(Data below Opens)

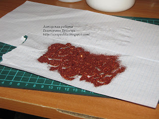 Наносим клей слоем погуще,но следим,чтобы в дырочках не образовалось сгустков.Насыпаем глиттер.
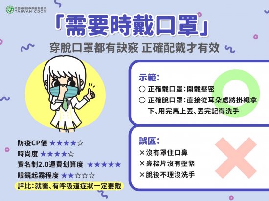 (二)防疫時期加強注意呼吸道衛生及咳嗽禮節,出入公共場所或搭乘公共交通運輸 時需佩戴口罩,使用完畢的口罩請妥善丟棄。
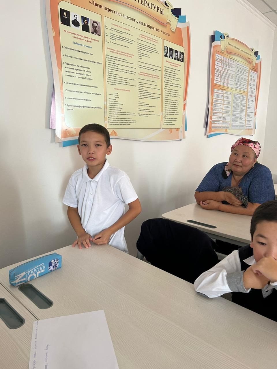 Мағжан Жұмабаев атындағы жалпы білім беретін мектебінің 5 "А" сынып оқушысы Бейсенов Қуандық-Шираз ата-әжесімен бірге.
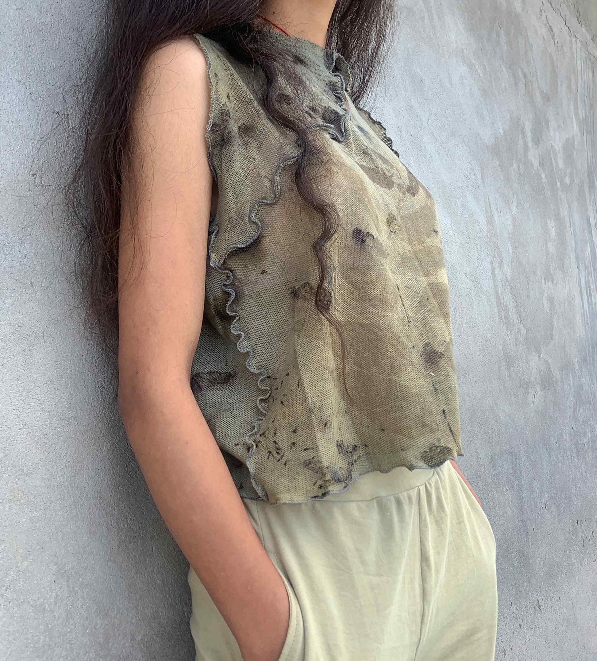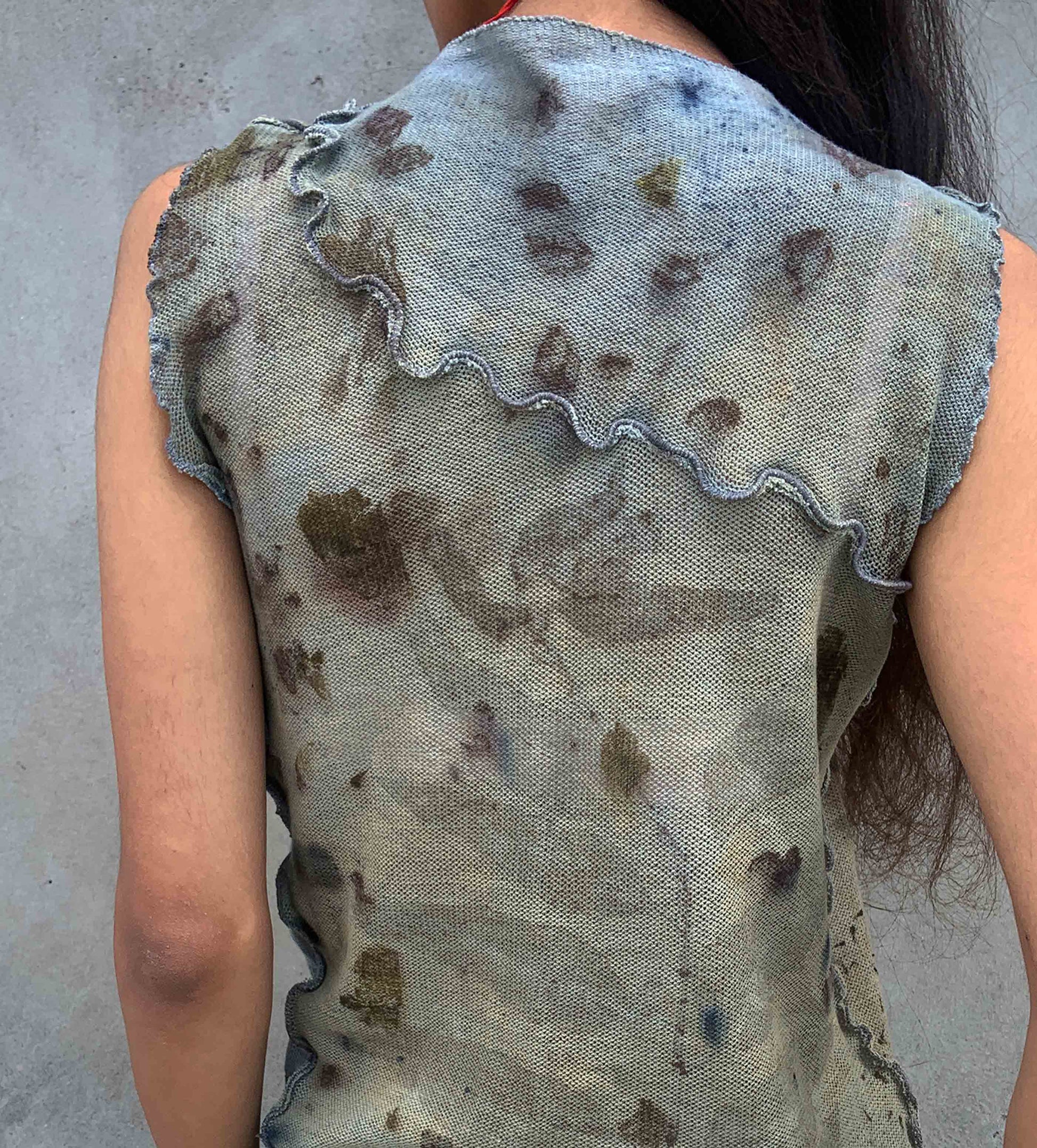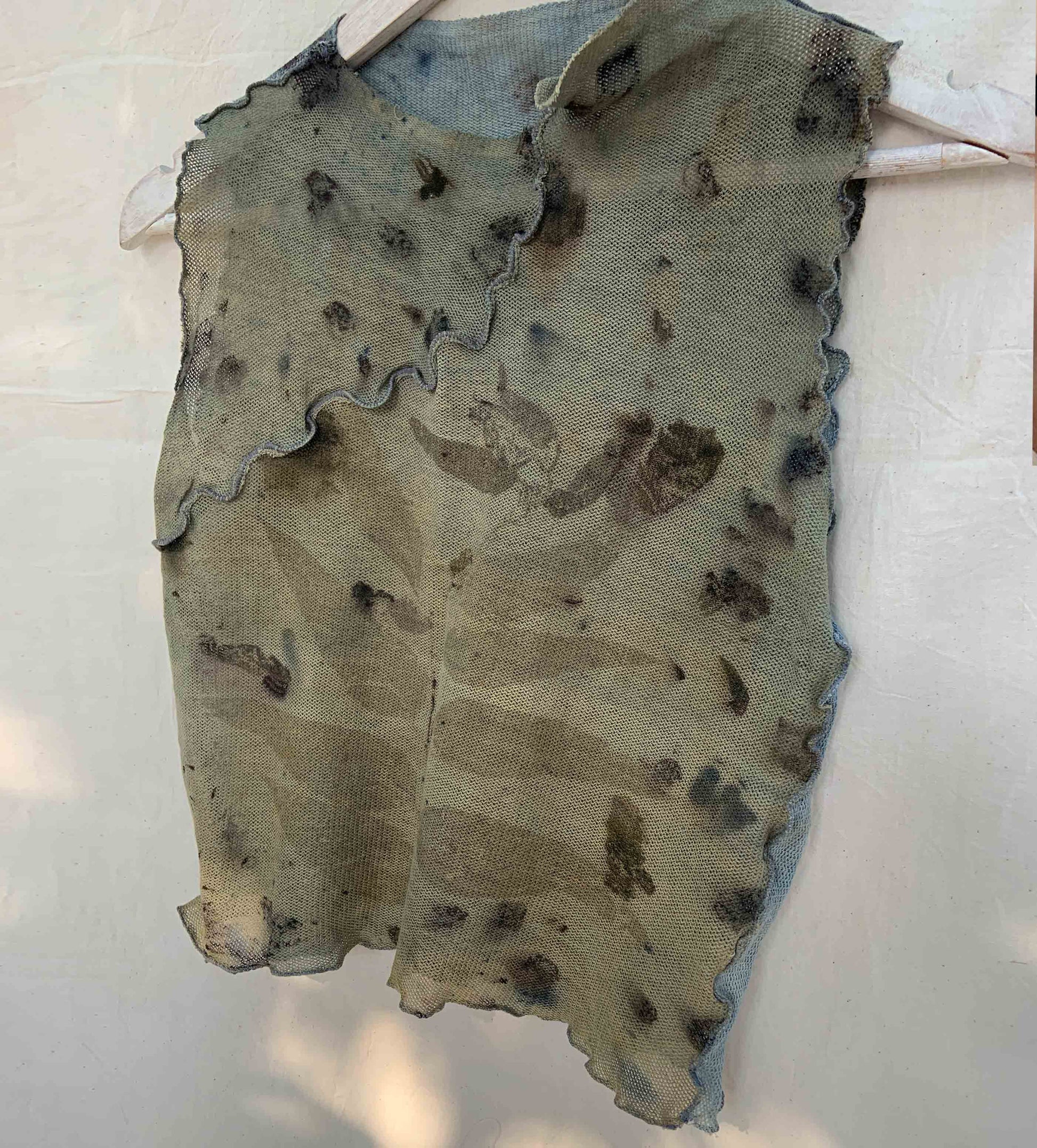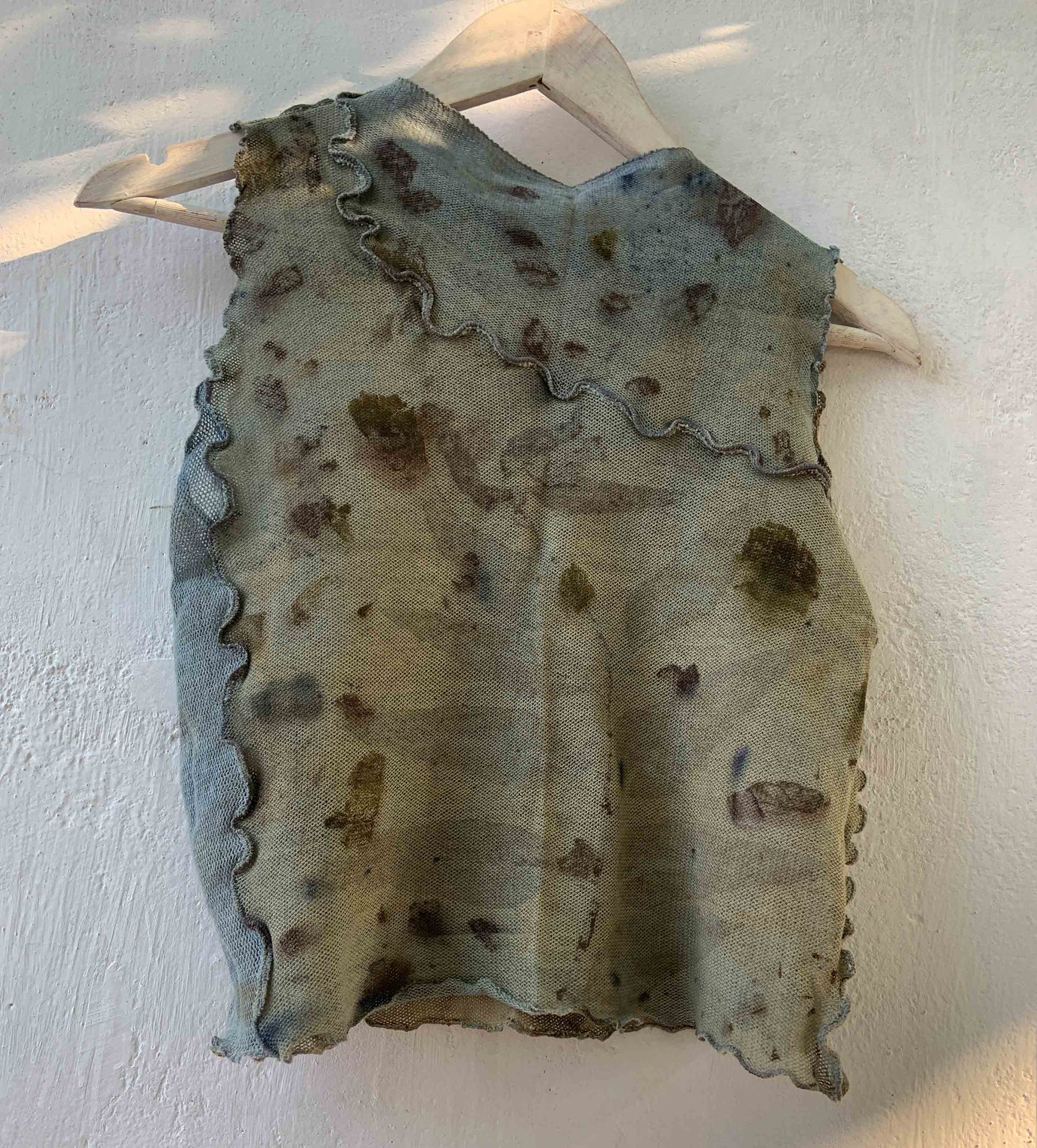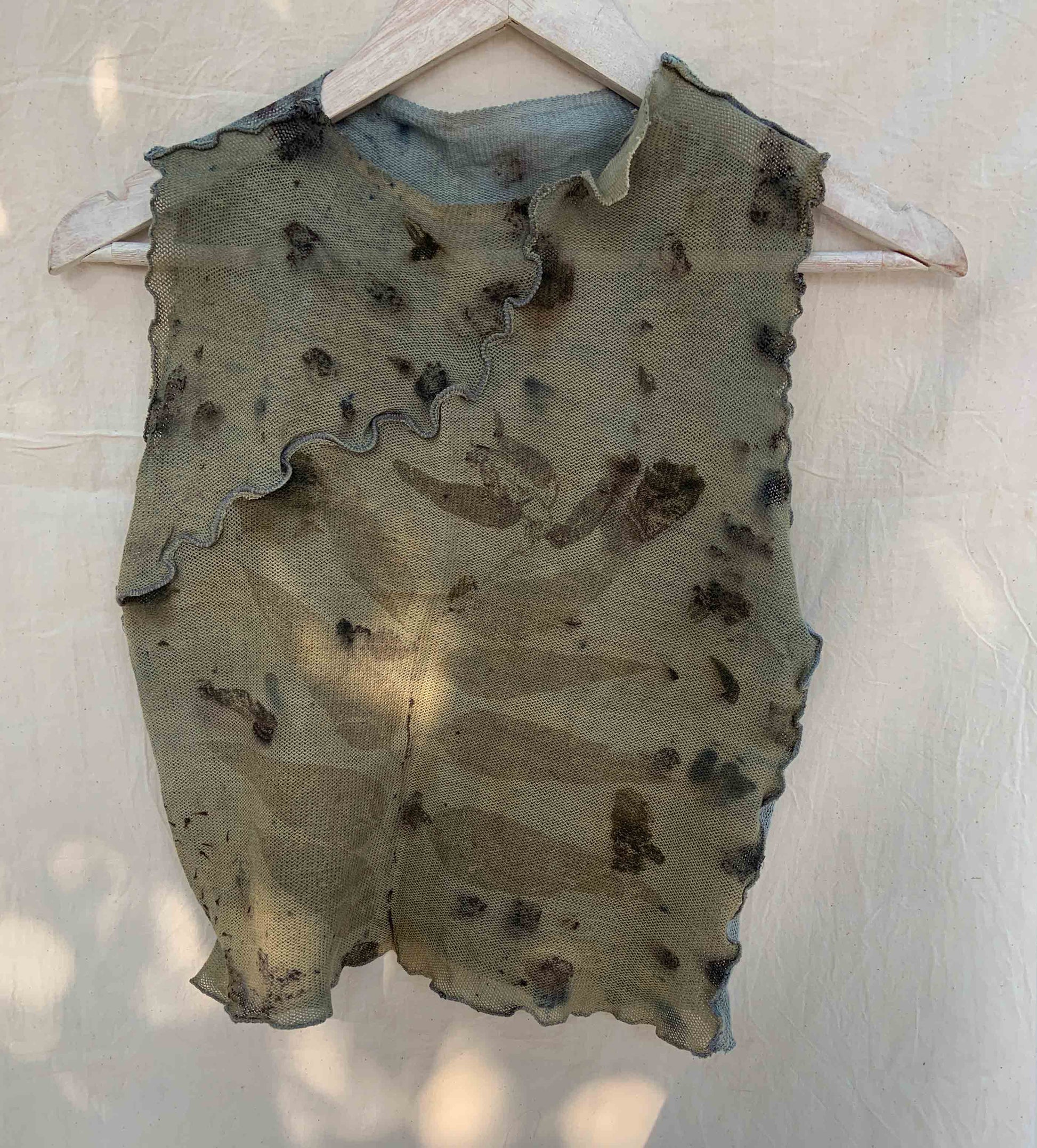 A true rendition of wabi-sabi; one-of-a-kind, handmade top, stained with nature's foraged finds.

(Data below Closes)

§ **What is being asked**:
Omit every picture while copying the listing above exactly.

§ **Task answer**:
 Наносим клей слоем погуще,но следим,чтобы в дырочках не образовалось сгустков.Насыпаем глиттер.
 (二)防疫時期加強注意呼吸道衛生及咳嗽禮節,出入公共場所或搭乘公共交通運輸 時需佩戴口罩,使用完畢的口罩請妥善丟棄。
 Мағжан Жұмабаев атындағы жалпы білім беретін мектебінің 5 "А" сынып оқушысы Бейсенов Қуандық-Шираз ата-әжесімен бірге.
 A true rendition of wabi-sabi; one-of-a-kind, handmade top, stained with nature's foraged finds.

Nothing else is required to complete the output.